I only use vote counts and percentages that are in this document, and I assume they are all correct as presented in the document.

Let’s get started where the math and stats start, on page 3a, para 10. These numbers set us up to get the infamous 1 in a quadrillion value. Since we’re only dealing with the votes for president, I use D to represent the Dem. candidate and R to Represent the Republican candidate.

Next up: paragraph 11. The first 2 sentences present the question of interest (how similar were the vote counts for the Democratic candidate in 2016 and in 2020, and how the author proposes to answer the question (with a z-score)

STAT 101 refresher: A z-score is a common statistic used in hypothesis tests, but just saying “z-score” can’t imply any one stat. test, because they're used in a lot. For example:

2-sample test for equality of population proportions https://online.stat.psu.edu/stat800/lesson/5/5.5

To name only 1.

In statistical hypothesis testing, there is always a null hypothesis and an alternative hypothesis. In a 2-sample test for equality of population means, for instance, the null hypothesis is always that the means of 2 populations are equal.

The alternative hypothesis then could be that the 2 means are not equal, or that one is greater than the other, whichever is most of interest to you. It’s really important to set up your hypotheses properly before any calculations are performed! https://en.wikipedia.org/wiki/Statistical_hypothesis_testing

Back to paragraph 11. By the 3rd sentence of paragraph 11 things start to get weird. (That didn’t take very long…) It implies that the null hypothesis in the analysis is:

The two observed values for number of votes earned by the Democratic candidates in 2016 and 2020 are equal

STAT 101 refresher: the field of statistics is fundamentally based on the fact that we rarely know the true population-wide values we want to know. For example, we cannot know the average height of all adult men in the US at a given time.

Why? It’s impossible to measure the height of all adult men in the US simultaneously and compute the arithmetic mean of all ~100 million or so of those values. In addition, the population of US adult men is changing every day. The average height of all men in the US is unknowable

But, if you ask Google, the answer is 5’9”. Why? Because of statistics. Statistical inference, part of which is hypothesis testing, is concerned with taking samples from populations to estimate unknowable population-level values. Image from @jtleek

In rare cases where we do have information from all members of a population, that is called a census, and we can get true population values. No statistical inference is required!

When determining the results of an election, the population of interest is all correctly cast ballots (meaning all ballots that were filled out legibly, and not rejected for any reason) because those ballots determine the winner of the election.

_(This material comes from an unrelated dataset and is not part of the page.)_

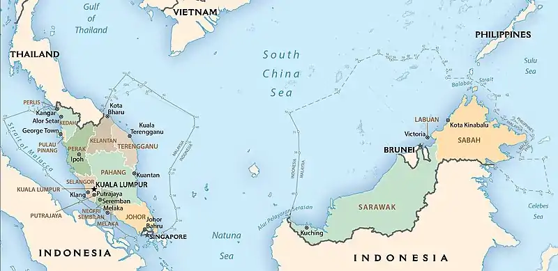 The borders of Malaysia include land and maritime borders with Brunei, Indonesia and Thailand and shared maritime boundaries with Philippines, Singapore and Vietnam.

The vote counts for the Dem candidates in GA 2016 & 2020 are population-level counts. They represent all votes in the population of interest. Setting up a hypothesis test to determine whether the two vote counts are equal is completely nonsensical.

Asking if the two vote counts are equal is not a legitimate statistical question. Because we know the true population counts, we simply have to look at the two numbers (1,877,963 and 2,474,507). We see that they are not equal, and we conclude that with 100% certainty.

Assigning any positive probability, even a tiny value such as 1 in a quadrillion, to the possibility of the two observed counts being equal is giving the event infinitely more probability than it has. The probability the 2 counts are equal is 0 b/c we know the values aren't equal

“But Sam,” you’re saying, "I want to know where the 1 in a quadrillion value comes from!”

Ok, fine. I’ll tell you, but I want to be perfectly clear:

The methods that result in the values I’m about to show you have absolutely no legitimate statistical basis. No honest statistician would ever do these computations in this context.

STAT 101 refresher: The binomial distribution is a discrete probability distribution that is used to find the probability of a number of successes in a fixed number of independent trials where each has 2 outcomes (success, failure) & probability of success is equal in all trials

Voting meets only some of the requirements to use a binomial distribution. The independence assumption is violated (e.g. how u vote is not independent of how ur spouse votes), but since u usually go into the voting booth alone, I will grant it for generosity’s sake.

We can also construct the problem so that we define “success” as “vote for Dem.” and “failure” as “vote for not the Dem.,” so there are 2 outcomes. This isn’t really how elections are seen (there are more than 2 candidates), but I can grant this because of our 2 party system.

An assumption that I am totally not willing to grant is that all trials (here, voters) have the same probability of success. A 30-year Republican voter has a very small probability of voting for a Dem. candidate, while a 30-year Dem. voter has a very high probability.

The final assumption, that the # of trials is fixed, is also violated because the voting population is different every election.

(This is also why election polling is so hard: you're trying to sample a population [voters in the election] that doesn't exist yet.)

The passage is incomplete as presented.